Volckmann, undaunted by the challenges that lay before him, scoured the countryside for interpreters and began teaching basic infantry tactics to his men. Indeed, by the end of the summer, the soldiers of the 11th Infantry had mastered some basic commands in English and their tactical skills continued to grow. As the Filipinos celebrated their military benchmarks, however, the Japanese continued their march of conquest. In August 1941, as Japan tightened its grip over the Pacific, USAFFE evacuated all military dependents in the Philippines, including Volckmann’s wife and son.* As per the Philippine Army Mobilization Plan, the 11th Infantry Regiment began building its primary defensive line along a five-mile stretch of coast on Lingayen Gulf. 18
On 15 November 1941, Volckmann received a visit from General Douglas MacArthur, the newly appointed USAFFE commander.** MacArthur arrived at Lingayen early that morning to receive the Regiment’s progress report. Volckmann politely voiced his concern over the unit’s critical needs. The lack of adequate weapons, clothing, fire support, and transportation were among his chief complaints. The General appeared to appreciate the unit’s handi
cap, but told Volckmann not to worry. Volckmann asked him, “Sir, how do you assess the situation? What are your plans?” MacArthur’s response did not inspire him:
“Well, I’ll tell you Russ, I haven’t got anything really on paper, yet. I’ve got it all in my mind, but we really don’t have to worry about things at this point. The Japanese have a second-rate navy and about a fourth-rate army, and we don’t have to worry about them until around July [1942], or in the summer months, during the dry period.” 19
* Sending Nancy to her parent’s home with Russell Jr. in tow, Volckmann promised to write to her as often as he could. The last letter that she received from him was dated March 1942, shortly before the surrender. It would be the last time Volckmann’s family would hear from him until January 1945..

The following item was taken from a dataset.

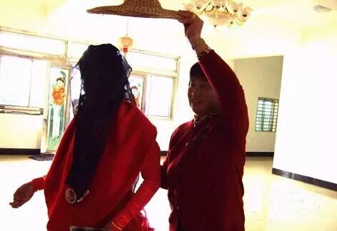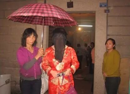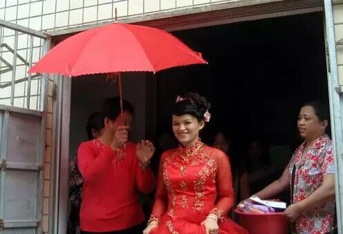 新娘子出门前还要在被窝里“犹抱琵琶半遮面” ,直到“千呼万唤始出来”之时还必须哭着向父母辞行。即使你是满心欢喜也要硬挤出几滴眼泪——以示对父母的不舍和对父母养育之恩的感激 , 否则会被别人笑话的。新娘的母亲及嫂婶也需哭着为其送行 , 俗称: “哭缘” ,出门之前新娘的兄弟要帮新娘打开红伞(用红伞取代红盖头),新娘要出门时需撑着红伞从一个上面放着燃香火炉的米筛上跨过,据说是可以辟邪。新娘的叔伯还要帮其“挑花担” 。新郎则要前来将新娘接到轿车中,到了新郎家中,两个新人也同样要跨过相同的米筛火炉以去邪,到新郎家时新娘也需撑红伞直至“进房” 。新郎新娘“进房”的时间也是有讲究的, “进房”时新郎的家属需回避(不能看)。然后新婚夫妇仪式就完成了,之后喜宴正式开始。

**MacArthur had retired in 1937 while serving as the military advisor to President Manuel Quezon. However, in July 1941, President Roosevelt recalled him to active duty and appointed him commander of all U.S. forces in the Philippines.
On the merits, MacArthur’s assessment made virtually no sense. The Japanese and their “fourth-rate army” had conquered Manchuria in less than six months. Furthermore, this “second-rate” navy that MacArthur spoke of had taken on—and defeated—the best of Czar Nicholas’s fleet in the Russo-Japanese War of 1905. Whatever the basis for MacArthur’s assessment, the Japanese were about to prove him wrong.